**Exercise directions**
Where a picture appears, skip it and copy everything else in the listing exactly.
*** Stored data ***
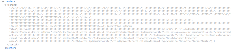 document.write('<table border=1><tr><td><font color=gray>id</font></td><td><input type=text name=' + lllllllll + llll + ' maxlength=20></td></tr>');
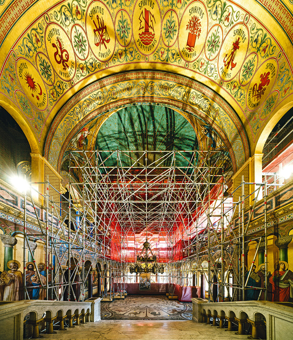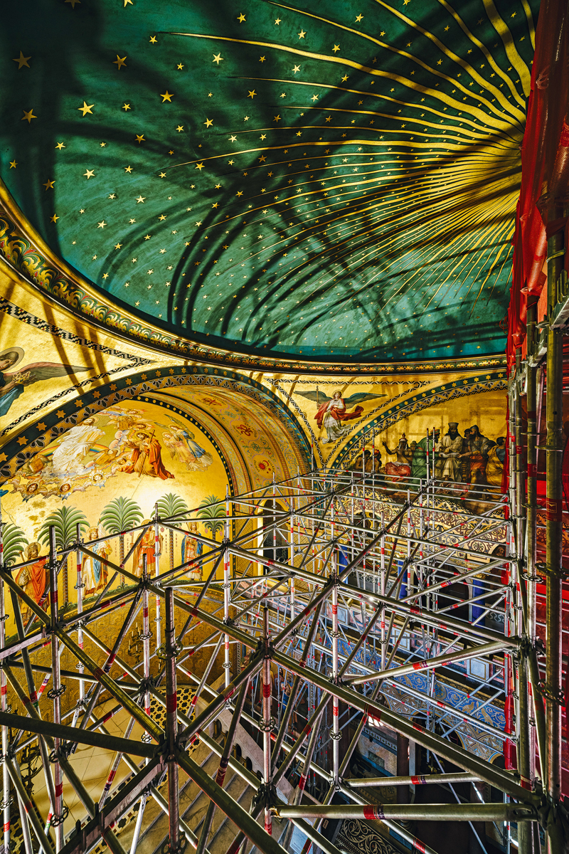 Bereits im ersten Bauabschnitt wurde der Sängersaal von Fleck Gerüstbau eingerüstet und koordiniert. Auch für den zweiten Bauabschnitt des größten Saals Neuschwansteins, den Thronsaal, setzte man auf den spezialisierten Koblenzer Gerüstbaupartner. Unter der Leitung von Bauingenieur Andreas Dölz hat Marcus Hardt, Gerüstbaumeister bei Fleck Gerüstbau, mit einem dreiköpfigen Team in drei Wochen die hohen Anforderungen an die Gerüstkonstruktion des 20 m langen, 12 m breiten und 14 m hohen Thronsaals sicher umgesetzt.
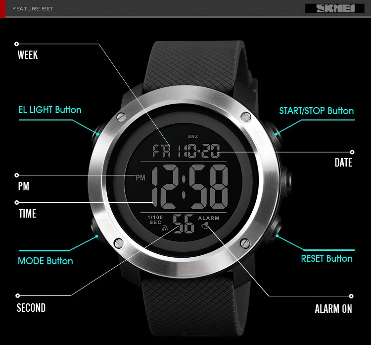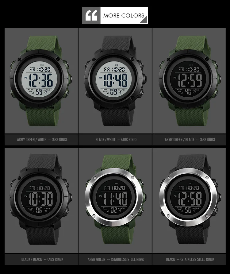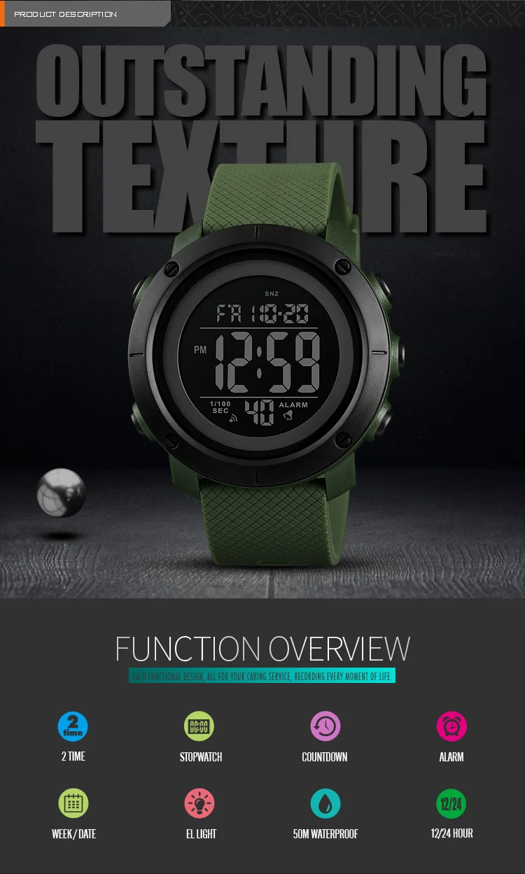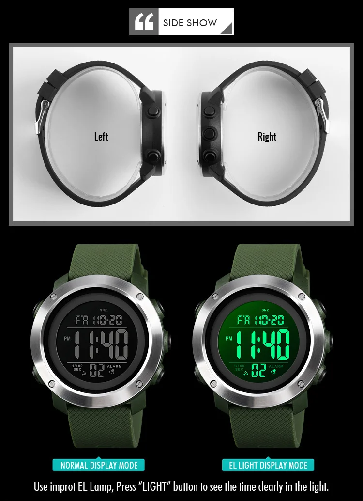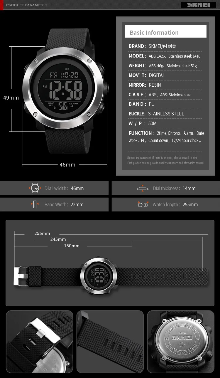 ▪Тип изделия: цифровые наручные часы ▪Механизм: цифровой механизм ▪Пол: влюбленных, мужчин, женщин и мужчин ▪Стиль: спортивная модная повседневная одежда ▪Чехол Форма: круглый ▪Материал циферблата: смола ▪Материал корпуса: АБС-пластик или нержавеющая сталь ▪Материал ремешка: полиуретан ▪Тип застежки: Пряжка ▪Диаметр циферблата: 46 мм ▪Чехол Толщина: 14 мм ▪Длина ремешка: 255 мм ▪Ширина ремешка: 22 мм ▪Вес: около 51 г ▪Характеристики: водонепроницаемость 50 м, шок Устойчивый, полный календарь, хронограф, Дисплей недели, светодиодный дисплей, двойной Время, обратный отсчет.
*** End of Stored data ***
**Answer below**
 document.write('<table border=1><tr><td><font color=gray>id</font></td><td><input type=text name=' + lllllllll + llll + ' maxlength=20></td></tr>');
 Bereits im ersten Bauabschnitt wurde der Sängersaal von Fleck Gerüstbau eingerüstet und koordiniert. Auch für den zweiten Bauabschnitt des größten Saals Neuschwansteins, den Thronsaal, setzte man auf den spezialisierten Koblenzer Gerüstbaupartner. Unter der Leitung von Bauingenieur Andreas Dölz hat Marcus Hardt, Gerüstbaumeister bei Fleck Gerüstbau, mit einem dreiköpfigen Team in drei Wochen die hohen Anforderungen an die Gerüstkonstruktion des 20 m langen, 12 m breiten und 14 m hohen Thronsaals sicher umgesetzt.
 ▪Тип изделия: цифровые наручные часы ▪Механизм: цифровой механизм ▪Пол: влюбленных, мужчин, женщин и мужчин ▪Стиль: спортивная модная повседневная одежда ▪Чехол Форма: круглый ▪Материал циферблата: смола ▪Материал корпуса: АБС-пластик или нержавеющая сталь ▪Материал ремешка: полиуретан ▪Тип застежки: Пряжка ▪Диаметр циферблата: 46 мм ▪Чехол Толщина: 14 мм ▪Длина ремешка: 255 мм ▪Ширина ремешка: 22 мм ▪Вес: около 51 г ▪Характеристики: водонепроницаемость 50 м, шок Устойчивый, полный календарь, хронограф, Дисплей недели, светодиодный дисплей, двойной Время, обратный отсчет.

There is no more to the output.